What *would* help for the recent G# Macs is the use of the
altivec unit in the CPU. If someone finds a way to eg. unroll the
64 multiplications in multmat4 in src/common/mat4.c, so that they
get executed in parallel, then that might make a real difference.
Anyone wants to dig into PowerPC assembler?

-schorsch

···

--
Georg Mischler -- simulations developer -- schorsch at schorsch com
+schorsch.com+ -- lighting design tools -- http://www.schorsch.com/

Ferdinand_Schmid · January 8, 2004, 9:09pm

<snip>

Doesn't the G5 run 32 bit binaries as well?
I'm not sure what the benefit would be, btw. Are you thinking of
some aspect in particular?

Yes, the G5 is binary compatible with 32bit apps. What Zack was hoping
for is
increased math performance for long ints and floats. Not knowing the
source
code I can't tell what type of variables/math Radiance uses. But if
you can
combine a two step 32bit operation into a single 64bit operation then
you can
gain significant performance improvements.

There are many elements in a program that can be either 32 or
64 bits wide (or any other size). Among others those are the
sizes of ints (increasing their range), floats (increasing their
precision), and pointers (increasing the address space).
But very often, those have no direct influence on performance.
The most noticeable thing to change might be the required amount
of memory. In the worst case, you'd have to install twice as much
RAM to get the same result.

What *would* help for the recent G# Macs is the use of the
altivec unit in the CPU. If someone finds a way to eg. unroll the
64 multiplications in multmat4 in src/common/mat4.c, so that they
get executed in parallel, then that might make a real difference.
Anyone wants to dig into PowerPC assembler?
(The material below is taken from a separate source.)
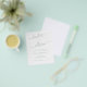 Den romantiska minimalistiska designen har vacker och elegant typografi på vit bakgrund med ett rent och enkelt utseende. Spara papper genom att inkludera detaljerna på baksidan av bröllopsinbjudan istället för på ett separat informationskort. Inkludera även RSVP-information om dina gäster svarar elektroniskt (valfritt).

I think this answers Zack's and my question. Radiance isn't using
64bit words
and won't benefit from 64bit math.

Thanks,
Ferdinand

···

--On Thursday, January 08, 2004 02:48:38 PM -0500 Georg Mischler <[email protected]> wrote:

--
Ferdinand Schmid
Architectural Energy Corporation
Celebrating over 20 Years of Improving Building Energy Performance

Georg_Mischler · January 9, 2004, 2:13pm

Ferdinand Schmid wrote:

I think this answers Zack's and my question. Radiance isn't using
64bit words and won't benefit from 64bit math.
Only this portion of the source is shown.